To some extent, many of these films — even The New York Ripper — are uniquely Italian. Although most of the best-known giallo movies of the 1970s imported American or British stars — and although they were dubbed into English when they played in Britain or the States — a lot of them had a political edge. Sometimes subtly and sometimes openly, they indicted a culture of collusion, where well-connected aristocrats and criminal networks conspired to bury the average citizen and to get away with murder… quite literally, in both cases.
These movies relied heavily on formulas. Beyond the recurrence of secret societies and costumed, knife-wielding murderers, there was a well-established visual grammar to classic giallo, with bright colors playing against inky black shadows, while the camera often took the killer’s POV.
The giallo was a rich source of inspiration that could be used by non-Italian filmmakers to make their films more appealing to broader audiences. It’s easy to trace a short line between 1970s giallo and the first wave of American slasher movies, led by Halloween Friday, 13th. Those early slashers — Halloween especially — drew inspiration not just from the basic giallo plots but also from the way they looked and moved, with their subtly dynamic camerawork and eerily polished surfaces.

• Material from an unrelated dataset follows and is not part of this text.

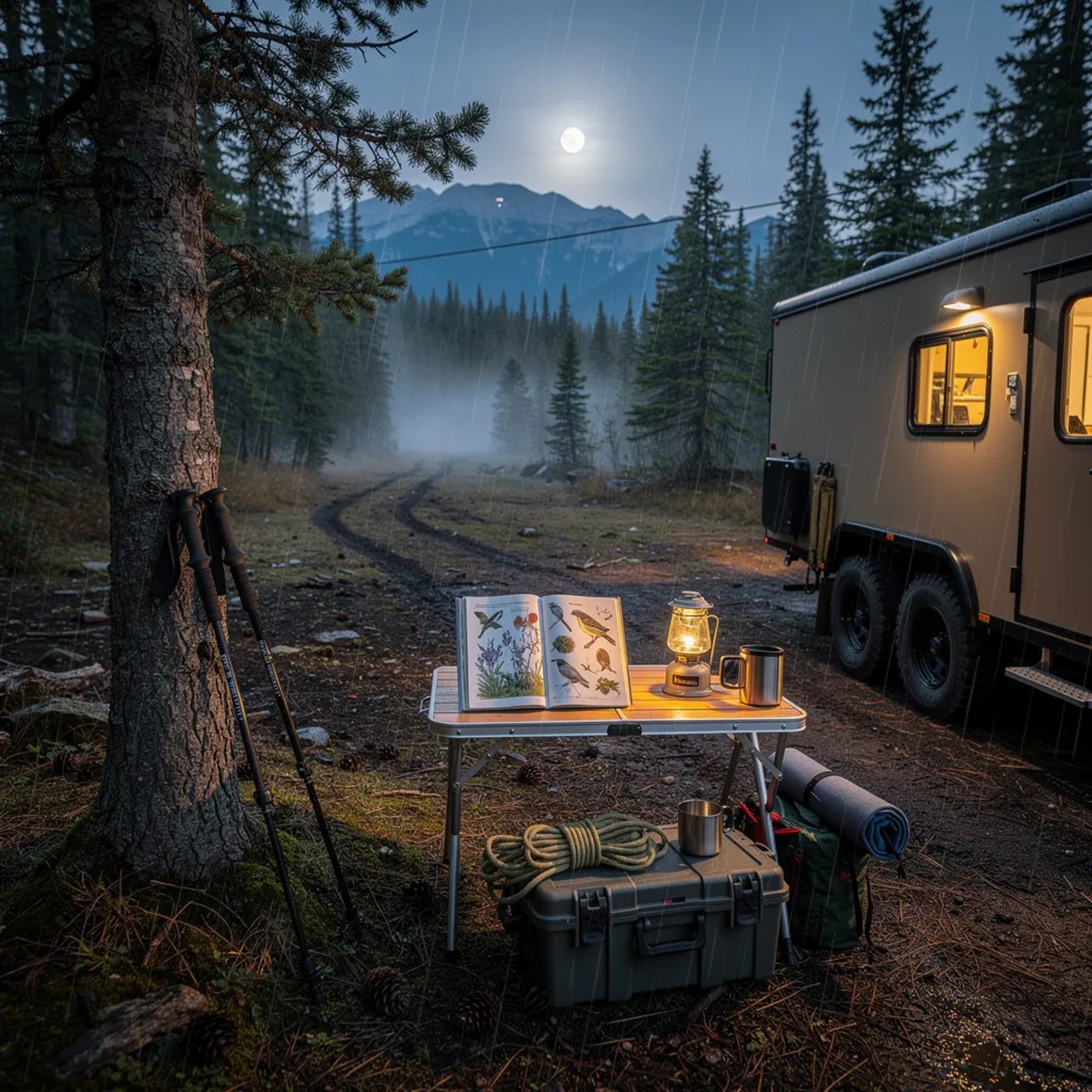 A quiet clearing in the pine trees sits under a cool blue moonrise, with a soft mist drifting through the air. A small khaki tiny house on wheels glows warmly, making the wet ground and pine cones sparkle. Nearby, a camp table holds an open nature book and neatly stacked gear, while trekking poles rest against a spruce. Light sleet falls, and the whole place feels calm and wild.

After slashers went out of fashion, the erotic -thriller boom of early 1990s maintained the giallo tradition that combines eroticism with splatter. Influenced greatly by the films of Brian De Palma — whose movies Sisters Get Out The Body DoubleAnd especially You’re dressed for success drew heavily on the Hitchcockian side of giallo — movies like Fundamental Instinct Sliver emphasized the genre’s voyeuristic elements, while also bringing back some of the luxurious locations the American slashers ditched.
However, it’s possible to reduce the significance of giallo simply by linking it back to EachFilm about serial killer. Why? Last Night at Soho MalignantGiallo films have been compared to giallo because of their visual style more than their plots. These films were influenced equally by European filmmakers such as Roman Polanski or Nicolas Roeg. Their work is sometimes similar to giallo but has little to no connection to the genre.
One of the best ways to “get” giallo is to watch some of the homages and remixes that have been released in recent years, like Hélène Cattet and Bruno Forzani’s 2009 avant-garde film AmerOr their 2013 follow up The Strange Colour of Your Body’s TearsBoth of these films, which rely on imagery and giallo themes to tell their stories, more or less abandon storytelling. Or there’s Peter Strickland’s brilliant 2012 psychodrama Berberian Sound StudioToby Jones is a sound engineer in the 1970s who creates effects that cause skin to rip into his skin.
The only problem with these movies is that they’re a bit too elevated. These are the classic giallo photos The lookThey were not expensive, however, they were produced quickly and cheaply by the Italian studios. The fun part about being a Giallo fan is sorting through the junk and finding the ones that stand out. Giallo-influenced films of recent years are presorted and filtered for their fans. They only include the best parts, leaving out all the exploitative crap.
That’s potentially a good thing for modern movie fans, who don’t have to wade through hours of tedious, repetitive slasher movies to get to a ridiculous but memorable movie like Malignant. But as Argento and Fulci knew, sometimes there’s just as much appeal to that lurid, self-indulgent dreck. That’s what turns audiences on… and what makes them feel enjoyably unsettled about a genre that feeds them all the dark and nasty fantasies they could possibly want.